Verbatim repeat, images excluded. Give each entry again as written.

======== Data under study ========

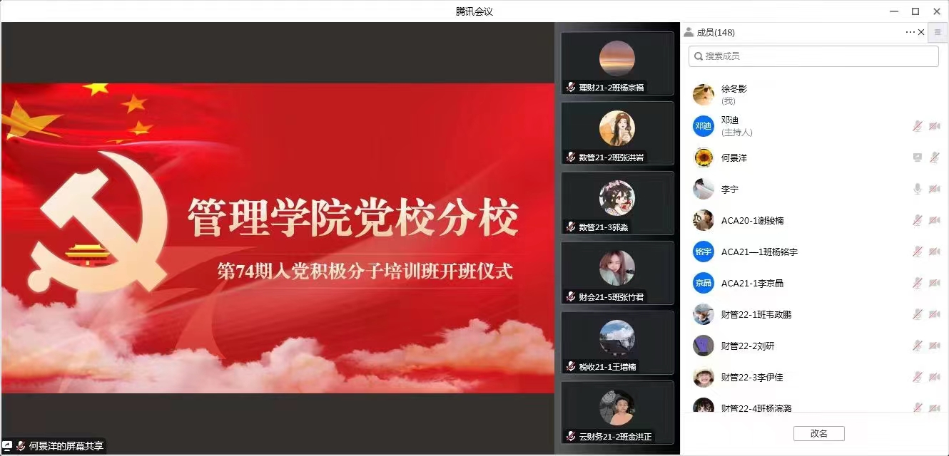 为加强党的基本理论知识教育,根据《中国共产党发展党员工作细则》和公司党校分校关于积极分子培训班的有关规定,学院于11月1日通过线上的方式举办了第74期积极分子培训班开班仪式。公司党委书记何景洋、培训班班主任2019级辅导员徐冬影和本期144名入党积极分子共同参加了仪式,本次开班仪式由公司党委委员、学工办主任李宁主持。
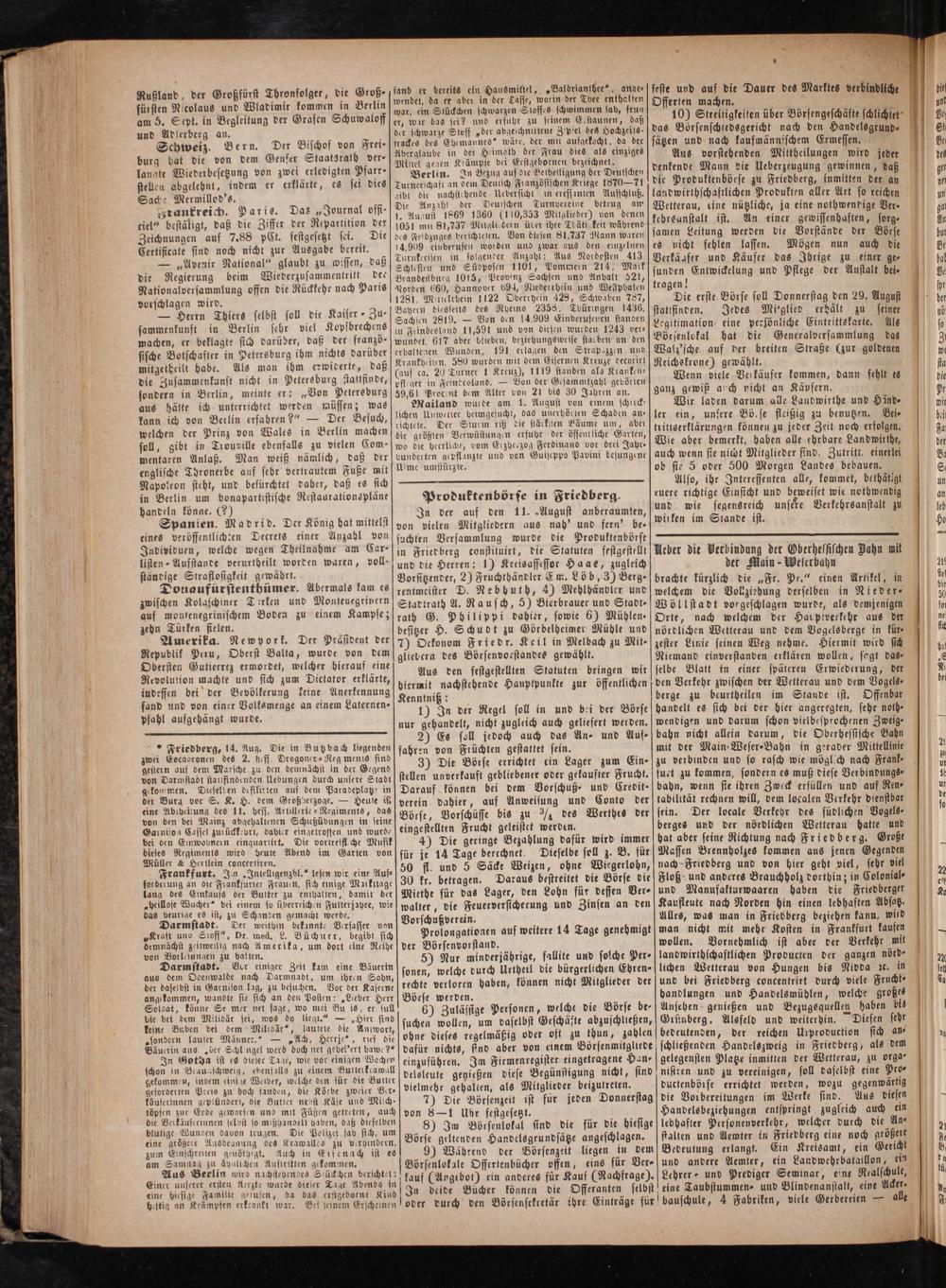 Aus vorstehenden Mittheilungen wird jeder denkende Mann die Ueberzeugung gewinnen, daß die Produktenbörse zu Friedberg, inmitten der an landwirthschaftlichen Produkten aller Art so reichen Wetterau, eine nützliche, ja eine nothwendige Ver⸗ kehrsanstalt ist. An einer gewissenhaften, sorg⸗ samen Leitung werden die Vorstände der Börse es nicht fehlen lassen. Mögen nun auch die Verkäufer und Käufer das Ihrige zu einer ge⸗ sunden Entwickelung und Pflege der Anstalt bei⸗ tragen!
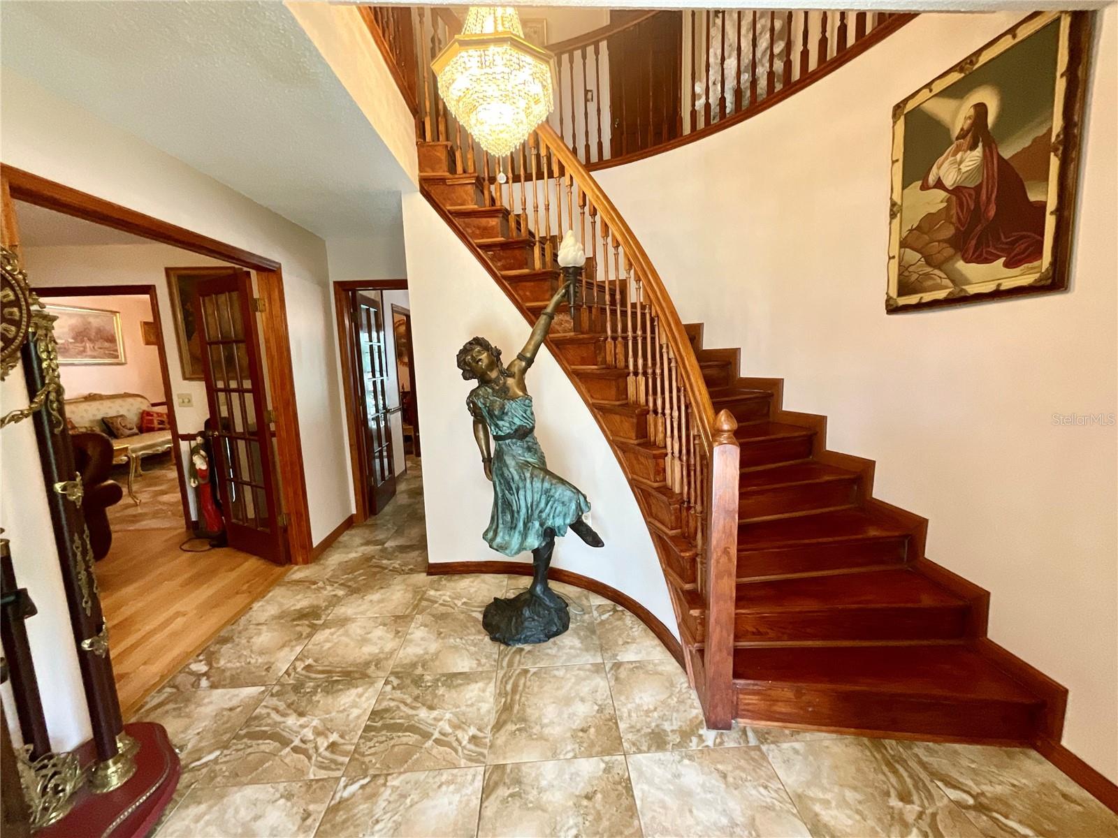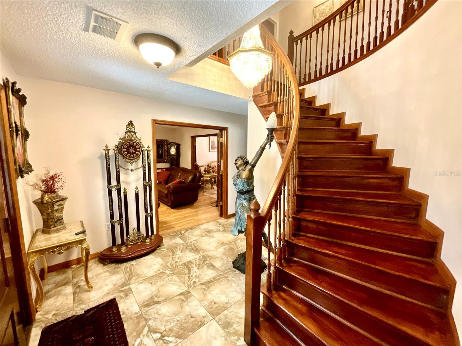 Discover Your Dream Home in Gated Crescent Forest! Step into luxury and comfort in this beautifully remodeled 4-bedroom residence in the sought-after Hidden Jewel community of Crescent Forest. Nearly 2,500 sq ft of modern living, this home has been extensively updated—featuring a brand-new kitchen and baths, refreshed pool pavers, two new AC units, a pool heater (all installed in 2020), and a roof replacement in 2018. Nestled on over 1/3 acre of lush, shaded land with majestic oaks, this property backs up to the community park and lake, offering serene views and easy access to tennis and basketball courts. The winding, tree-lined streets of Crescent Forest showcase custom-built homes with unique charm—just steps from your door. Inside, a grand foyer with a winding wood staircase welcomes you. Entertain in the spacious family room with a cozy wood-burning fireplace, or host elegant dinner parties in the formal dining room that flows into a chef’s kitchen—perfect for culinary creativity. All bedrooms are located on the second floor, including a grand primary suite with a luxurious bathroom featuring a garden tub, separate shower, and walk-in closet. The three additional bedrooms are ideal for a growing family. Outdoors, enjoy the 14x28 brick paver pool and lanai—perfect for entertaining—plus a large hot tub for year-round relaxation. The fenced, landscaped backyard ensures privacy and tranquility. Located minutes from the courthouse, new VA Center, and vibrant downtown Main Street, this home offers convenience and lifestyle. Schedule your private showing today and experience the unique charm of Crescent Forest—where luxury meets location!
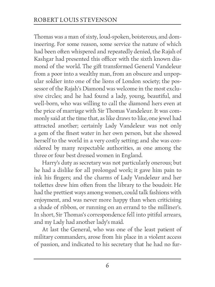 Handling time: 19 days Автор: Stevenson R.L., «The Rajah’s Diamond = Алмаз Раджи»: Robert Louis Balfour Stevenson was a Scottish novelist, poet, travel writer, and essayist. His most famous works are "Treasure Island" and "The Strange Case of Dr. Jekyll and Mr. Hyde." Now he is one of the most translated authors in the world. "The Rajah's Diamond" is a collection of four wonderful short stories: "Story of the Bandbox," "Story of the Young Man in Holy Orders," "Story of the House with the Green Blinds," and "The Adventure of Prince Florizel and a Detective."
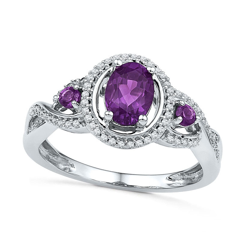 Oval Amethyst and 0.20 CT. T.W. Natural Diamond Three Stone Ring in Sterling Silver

========

▶ _Result below_:
 为加强党的基本理论知识教育,根据《中国共产党发展党员工作细则》和公司党校分校关于积极分子培训班的有关规定,学院于11月1日通过线上的方式举办了第74期积极分子培训班开班仪式。公司党委书记何景洋、培训班班主任2019级辅导员徐冬影和本期144名入党积极分子共同参加了仪式,本次开班仪式由公司党委委员、学工办主任李宁主持。
 Aus vorstehenden Mittheilungen wird jeder denkende Mann die Ueberzeugung gewinnen, daß die Produktenbörse zu Friedberg, inmitten der an landwirthschaftlichen Produkten aller Art so reichen Wetterau, eine nützliche, ja eine nothwendige Ver⸗ kehrsanstalt ist. An einer gewissenhaften, sorg⸗ samen Leitung werden die Vorstände der Börse es nicht fehlen lassen. Mögen nun auch die Verkäufer und Käufer das Ihrige zu einer ge⸗ sunden Entwickelung und Pflege der Anstalt bei⸗ tragen!
 Discover Your Dream Home in Gated Crescent Forest! Step into luxury and comfort in this beautifully remodeled 4-bedroom residence in the sought-after Hidden Jewel community of Crescent Forest. Nearly 2,500 sq ft of modern living, this home has been extensively updated—featuring a brand-new kitchen and baths, refreshed pool pavers, two new AC units, a pool heater (all installed in 2020), and a roof replacement in 2018. Nestled on over 1/3 acre of lush, shaded land with majestic oaks, this property backs up to the community park and lake, offering serene views and easy access to tennis and basketball courts. The winding, tree-lined streets of Crescent Forest showcase custom-built homes with unique charm—just steps from your door. Inside, a grand foyer with a winding wood staircase welcomes you. Entertain in the spacious family room with a cozy wood-burning fireplace, or host elegant dinner parties in the formal dining room that flows into a chef’s kitchen—perfect for culinary creativity. All bedrooms are located on the second floor, including a grand primary suite with a luxurious bathroom featuring a garden tub, separate shower, and walk-in closet. The three additional bedrooms are ideal for a growing family. Outdoors, enjoy the 14x28 brick paver pool and lanai—perfect for entertaining—plus a large hot tub for year-round relaxation. The fenced, landscaped backyard ensures privacy and tranquility. Located minutes from the courthouse, new VA Center, and vibrant downtown Main Street, this home offers convenience and lifestyle. Schedule your private showing today and experience the unique charm of Crescent Forest—where luxury meets location!
 Handling time: 19 days Автор: Stevenson R.L., «The Rajah’s Diamond = Алмаз Раджи»: Robert Louis Balfour Stevenson was a Scottish novelist, poet, travel writer, and essayist. His most famous works are "Treasure Island" and "The Strange Case of Dr. Jekyll and Mr. Hyde." Now he is one of the most translated authors in the world. "The Rajah's Diamond" is a collection of four wonderful short stories: "Story of the Bandbox," "Story of the Young Man in Holy Orders," "Story of the House with the Green Blinds," and "The Adventure of Prince Florizel and a Detective."
 Oval Amethyst and 0.20 CT. T.W. Natural Diamond Three Stone Ring in Sterling Silver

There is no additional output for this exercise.